DES SCHÉMAS DE CHANGEMENTS CÉRÉBRAUX SIMILAIRES

50 des 130 boxeurs professionnels présentaient des changements cérébraux similaires au fil du temps. Ces changements incluaient des variations du volume de certaines régions du cerveau et un déclin des aptitudes cognitives. Pour ce qui est des changements du volume du cerveau, les boxeurs qui répondaient aux critères du syndrome de l’encéphalopathie traumatique présentaient des schémas similaires dans différentes régions du cerveau. Ces schémas peuvent aider les chercheurs à déterminer la forme que prend l’ETC à un stade précoce et de prédire quels boxeurs sont les plus à risque. « C’est un processus dégénératif de substitution », décrit Charles Bernick.

Les boxeurs qui répondent aux critères du syndrome de l’encéphalopathie traumatique ne développent pas forcément l’ETC, souligne Kyle Womack, neurologue à l’université de Washington, mais ils ont plus de chances de développer une forme de trouble neurodégénératif.

L'objectif est d'identifier un biomarqueur qui puisse indiquer que les problèmes qui se développent sont liés au syndrome de l’encéphalopathie traumatique, plutôt qu'à un trouble similaire, avant que les symptômes n’apparaissent. « L'apparition de symptômes n'est que la partie émergée de l'iceberg de ce qui s'est passé au fil du temps, explique Kyle Womack, qui n'a pas pris part à l'étude. Si les symptômes sont déjà apparus, il est peut-être trop tard ».

 

DES ÉTUDES COMPLÉMENTAIRES NÉCESSAIRES

À son lancement, l’étude sur la santé cérébrale des sportifs professionnels était uniquement réservée aux boxeurs professionnels. Mais au cours de la dernière décennie, elle s’est ouverte aux autres athlètes professionnels pratiquant des sports de contact, comme la course automobile et le rodéo. « Nous ignorons si les séquelles à long terme sont différentes pour ce qui est des chocs à la tête », précise Charles Bernick. Rien n’exclut en effet que les joueurs de football américain professionnels soient plus susceptibles que les boxeurs professionnels ou les combattants de MMA de souffrir d’un type spécifique de trouble neurodégénératif.

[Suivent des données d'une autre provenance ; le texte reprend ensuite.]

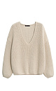 Knitted jumper made of cotton with added elastane. Loose silhouette model with a V-neckline and dropped shoulders.

Les six années de tests subis par Austin Trout n’ont révélé aucun déclin de ses aptitudes cognitives ni aucune modification du volume de son cerveau. Le boxeur s’estime donc plus chanceux que la plupart de ses collègues. Il pratique désormais la boxe à mains nues, discipline où le risque de traumatisme crânien est plus faible, et a prévu de retourner à la clinique de Cleveland à l’automne pour continuer à participer à l’étude. « La raison pour laquelle je peux me battre à ce niveau, à mon âge, c’est ma défense, indique Austin Trout. Il y a beaucoup de boxeurs qui prennent un coup pour en donner un. Moi, c’est le contraire, je frappe pour ne pas être frappé ».

Cet article a initialement paru sur le site nationalgeographic.com en langue anglaise.